Source material:
__________

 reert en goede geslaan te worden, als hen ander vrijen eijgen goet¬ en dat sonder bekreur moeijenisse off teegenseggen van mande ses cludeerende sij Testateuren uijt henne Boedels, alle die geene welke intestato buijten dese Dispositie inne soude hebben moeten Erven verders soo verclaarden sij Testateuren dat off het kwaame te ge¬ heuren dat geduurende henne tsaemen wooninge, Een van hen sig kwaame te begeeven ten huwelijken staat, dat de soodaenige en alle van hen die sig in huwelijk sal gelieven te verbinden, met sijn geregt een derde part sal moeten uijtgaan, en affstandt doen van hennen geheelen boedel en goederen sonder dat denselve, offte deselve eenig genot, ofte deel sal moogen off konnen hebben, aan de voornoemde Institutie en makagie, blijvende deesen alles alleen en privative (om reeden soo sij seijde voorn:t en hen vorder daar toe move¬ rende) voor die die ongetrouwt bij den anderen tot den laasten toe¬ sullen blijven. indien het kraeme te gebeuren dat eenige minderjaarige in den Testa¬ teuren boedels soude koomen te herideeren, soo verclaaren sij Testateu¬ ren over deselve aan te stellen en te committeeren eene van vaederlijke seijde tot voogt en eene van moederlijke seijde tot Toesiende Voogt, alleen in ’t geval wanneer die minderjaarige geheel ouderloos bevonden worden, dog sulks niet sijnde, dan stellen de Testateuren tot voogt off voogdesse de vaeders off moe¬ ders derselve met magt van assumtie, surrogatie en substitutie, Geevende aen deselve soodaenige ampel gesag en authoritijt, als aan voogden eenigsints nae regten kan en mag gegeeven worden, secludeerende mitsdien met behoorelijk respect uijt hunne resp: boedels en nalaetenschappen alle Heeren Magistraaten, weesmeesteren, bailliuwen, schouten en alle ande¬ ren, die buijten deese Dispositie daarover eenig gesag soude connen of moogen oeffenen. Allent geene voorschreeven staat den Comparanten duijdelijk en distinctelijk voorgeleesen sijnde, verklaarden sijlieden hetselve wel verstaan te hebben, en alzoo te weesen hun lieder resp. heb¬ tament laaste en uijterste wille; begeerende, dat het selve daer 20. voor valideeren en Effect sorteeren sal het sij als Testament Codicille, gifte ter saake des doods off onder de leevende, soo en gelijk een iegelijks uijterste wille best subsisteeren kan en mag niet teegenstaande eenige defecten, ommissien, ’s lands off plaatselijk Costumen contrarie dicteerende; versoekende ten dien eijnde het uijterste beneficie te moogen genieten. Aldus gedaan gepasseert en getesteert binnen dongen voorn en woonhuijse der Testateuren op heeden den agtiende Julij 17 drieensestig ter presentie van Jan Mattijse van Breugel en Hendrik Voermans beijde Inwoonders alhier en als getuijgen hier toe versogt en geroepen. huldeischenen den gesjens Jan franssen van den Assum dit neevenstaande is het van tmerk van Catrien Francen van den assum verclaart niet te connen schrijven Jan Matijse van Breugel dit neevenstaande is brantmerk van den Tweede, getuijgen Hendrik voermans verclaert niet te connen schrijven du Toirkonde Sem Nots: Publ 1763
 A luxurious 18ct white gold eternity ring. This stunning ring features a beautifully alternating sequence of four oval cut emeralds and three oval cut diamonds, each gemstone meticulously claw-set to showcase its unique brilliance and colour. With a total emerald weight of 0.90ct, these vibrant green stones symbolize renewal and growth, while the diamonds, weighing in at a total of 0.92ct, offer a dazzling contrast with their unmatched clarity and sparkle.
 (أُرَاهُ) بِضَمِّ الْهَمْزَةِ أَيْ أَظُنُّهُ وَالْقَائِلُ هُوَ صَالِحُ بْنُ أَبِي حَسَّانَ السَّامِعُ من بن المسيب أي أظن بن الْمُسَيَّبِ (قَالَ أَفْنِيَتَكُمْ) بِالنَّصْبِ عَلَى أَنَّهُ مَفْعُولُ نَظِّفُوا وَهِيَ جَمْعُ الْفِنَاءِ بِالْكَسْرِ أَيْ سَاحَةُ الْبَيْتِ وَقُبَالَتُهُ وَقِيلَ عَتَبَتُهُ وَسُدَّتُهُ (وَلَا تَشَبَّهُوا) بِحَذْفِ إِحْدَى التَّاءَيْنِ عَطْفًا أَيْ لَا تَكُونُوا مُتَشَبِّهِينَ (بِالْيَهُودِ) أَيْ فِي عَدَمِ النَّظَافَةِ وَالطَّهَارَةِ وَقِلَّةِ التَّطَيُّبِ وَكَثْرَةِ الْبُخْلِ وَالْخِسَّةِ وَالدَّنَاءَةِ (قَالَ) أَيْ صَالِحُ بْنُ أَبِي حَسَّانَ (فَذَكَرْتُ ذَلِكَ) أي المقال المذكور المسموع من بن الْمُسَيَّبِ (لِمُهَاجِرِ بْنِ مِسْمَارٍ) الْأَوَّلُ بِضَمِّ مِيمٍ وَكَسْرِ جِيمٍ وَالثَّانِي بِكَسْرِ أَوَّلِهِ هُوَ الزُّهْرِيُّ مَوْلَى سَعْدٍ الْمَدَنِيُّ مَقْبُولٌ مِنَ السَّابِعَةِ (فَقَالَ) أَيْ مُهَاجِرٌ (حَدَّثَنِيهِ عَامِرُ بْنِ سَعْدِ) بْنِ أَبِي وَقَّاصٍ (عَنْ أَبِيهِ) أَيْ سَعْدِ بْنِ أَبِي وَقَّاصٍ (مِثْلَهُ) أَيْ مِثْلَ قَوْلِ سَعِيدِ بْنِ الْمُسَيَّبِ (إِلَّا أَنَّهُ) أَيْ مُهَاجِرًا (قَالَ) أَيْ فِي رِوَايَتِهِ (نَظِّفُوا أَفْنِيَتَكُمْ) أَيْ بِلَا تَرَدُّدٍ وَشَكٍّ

__________

Task prompt:
Only the data above, repeated exactly, should make up the reply.

Result:
 reert en goede geslaan te worden, als hen ander vrijen eijgen goet¬ en dat sonder bekreur moeijenisse off teegenseggen van mande ses cludeerende sij Testateuren uijt henne Boedels, alle die geene welke intestato buijten dese Dispositie inne soude hebben moeten Erven verders soo verclaarden sij Testateuren dat off het kwaame te ge¬ heuren dat geduurende henne tsaemen wooninge, Een van hen sig kwaame te begeeven ten huwelijken staat, dat de soodaenige en alle van hen die sig in huwelijk sal gelieven te verbinden, met sijn geregt een derde part sal moeten uijtgaan, en affstandt doen van hennen geheelen boedel en goederen sonder dat denselve, offte deselve eenig genot, ofte deel sal moogen off konnen hebben, aan de voornoemde Institutie en makagie, blijvende deesen alles alleen en privative (om reeden soo sij seijde voorn:t en hen vorder daar toe move¬ rende) voor die die ongetrouwt bij den anderen tot den laasten toe¬ sullen blijven. indien het kraeme te gebeuren dat eenige minderjaarige in den Testa¬ teuren boedels soude koomen te herideeren, soo verclaaren sij Testateu¬ ren over deselve aan te stellen en te committeeren eene van vaederlijke seijde tot voogt en eene van moederlijke seijde tot Toesiende Voogt, alleen in ’t geval wanneer die minderjaarige geheel ouderloos bevonden worden, dog sulks niet sijnde, dan stellen de Testateuren tot voogt off voogdesse de vaeders off moe¬ ders derselve met magt van assumtie, surrogatie en substitutie, Geevende aen deselve soodaenige ampel gesag en authoritijt, als aan voogden eenigsints nae regten kan en mag gegeeven worden, secludeerende mitsdien met behoorelijk respect uijt hunne resp: boedels en nalaetenschappen alle Heeren Magistraaten, weesmeesteren, bailliuwen, schouten en alle ande¬ ren, die buijten deese Dispositie daarover eenig gesag soude connen of moogen oeffenen. Allent geene voorschreeven staat den Comparanten duijdelijk en distinctelijk voorgeleesen sijnde, verklaarden sijlieden hetselve wel verstaan te hebben, en alzoo te weesen hun lieder resp. heb¬ tament laaste en uijterste wille; begeerende, dat het selve daer 20. voor valideeren en Effect sorteeren sal het sij als Testament Codicille, gifte ter saake des doods off onder de leevende, soo en gelijk een iegelijks uijterste wille best subsisteeren kan en mag niet teegenstaande eenige defecten, ommissien, ’s lands off plaatselijk Costumen contrarie dicteerende; versoekende ten dien eijnde het uijterste beneficie te moogen genieten. Aldus gedaan gepasseert en getesteert binnen dongen voorn en woonhuijse der Testateuren op heeden den agtiende Julij 17 drieensestig ter presentie van Jan Mattijse van Breugel en Hendrik Voermans beijde Inwoonders alhier en als getuijgen hier toe versogt en geroepen. huldeischenen den gesjens Jan franssen van den Assum dit neevenstaande is het van tmerk van Catrien Francen van den assum verclaart niet te connen schrijven Jan Matijse van Breugel dit neevenstaande is brantmerk van den Tweede, getuijgen Hendrik voermans verclaert niet te connen schrijven du Toirkonde Sem Nots: Publ 1763
 A luxurious 18ct white gold eternity ring. This stunning ring features a beautifully alternating sequence of four oval cut emeralds and three oval cut diamonds, each gemstone meticulously claw-set to showcase its unique brilliance and colour. With a total emerald weight of 0.90ct, these vibrant green stones symbolize renewal and growth, while the diamonds, weighing in at a total of 0.92ct, offer a dazzling contrast with their unmatched clarity and sparkle.
 (أُرَاهُ) بِضَمِّ الْهَمْزَةِ أَيْ أَظُنُّهُ وَالْقَائِلُ هُوَ صَالِحُ بْنُ أَبِي حَسَّانَ السَّامِعُ من بن المسيب أي أظن بن الْمُسَيَّبِ (قَالَ أَفْنِيَتَكُمْ) بِالنَّصْبِ عَلَى أَنَّهُ مَفْعُولُ نَظِّفُوا وَهِيَ جَمْعُ الْفِنَاءِ بِالْكَسْرِ أَيْ سَاحَةُ الْبَيْتِ وَقُبَالَتُهُ وَقِيلَ عَتَبَتُهُ وَسُدَّتُهُ (وَلَا تَشَبَّهُوا) بِحَذْفِ إِحْدَى التَّاءَيْنِ عَطْفًا أَيْ لَا تَكُونُوا مُتَشَبِّهِينَ (بِالْيَهُودِ) أَيْ فِي عَدَمِ النَّظَافَةِ وَالطَّهَارَةِ وَقِلَّةِ التَّطَيُّبِ وَكَثْرَةِ الْبُخْلِ وَالْخِسَّةِ وَالدَّنَاءَةِ (قَالَ) أَيْ صَالِحُ بْنُ أَبِي حَسَّانَ (فَذَكَرْتُ ذَلِكَ) أي المقال المذكور المسموع من بن الْمُسَيَّبِ (لِمُهَاجِرِ بْنِ مِسْمَارٍ) الْأَوَّلُ بِضَمِّ مِيمٍ وَكَسْرِ جِيمٍ وَالثَّانِي بِكَسْرِ أَوَّلِهِ هُوَ الزُّهْرِيُّ مَوْلَى سَعْدٍ الْمَدَنِيُّ مَقْبُولٌ مِنَ السَّابِعَةِ (فَقَالَ) أَيْ مُهَاجِرٌ (حَدَّثَنِيهِ عَامِرُ بْنِ سَعْدِ) بْنِ أَبِي وَقَّاصٍ (عَنْ أَبِيهِ) أَيْ سَعْدِ بْنِ أَبِي وَقَّاصٍ (مِثْلَهُ) أَيْ مِثْلَ قَوْلِ سَعِيدِ بْنِ الْمُسَيَّبِ (إِلَّا أَنَّهُ) أَيْ مُهَاجِرًا (قَالَ) أَيْ فِي رِوَايَتِهِ (نَظِّفُوا أَفْنِيَتَكُمْ) أَيْ بِلَا تَرَدُّدٍ وَشَكٍّ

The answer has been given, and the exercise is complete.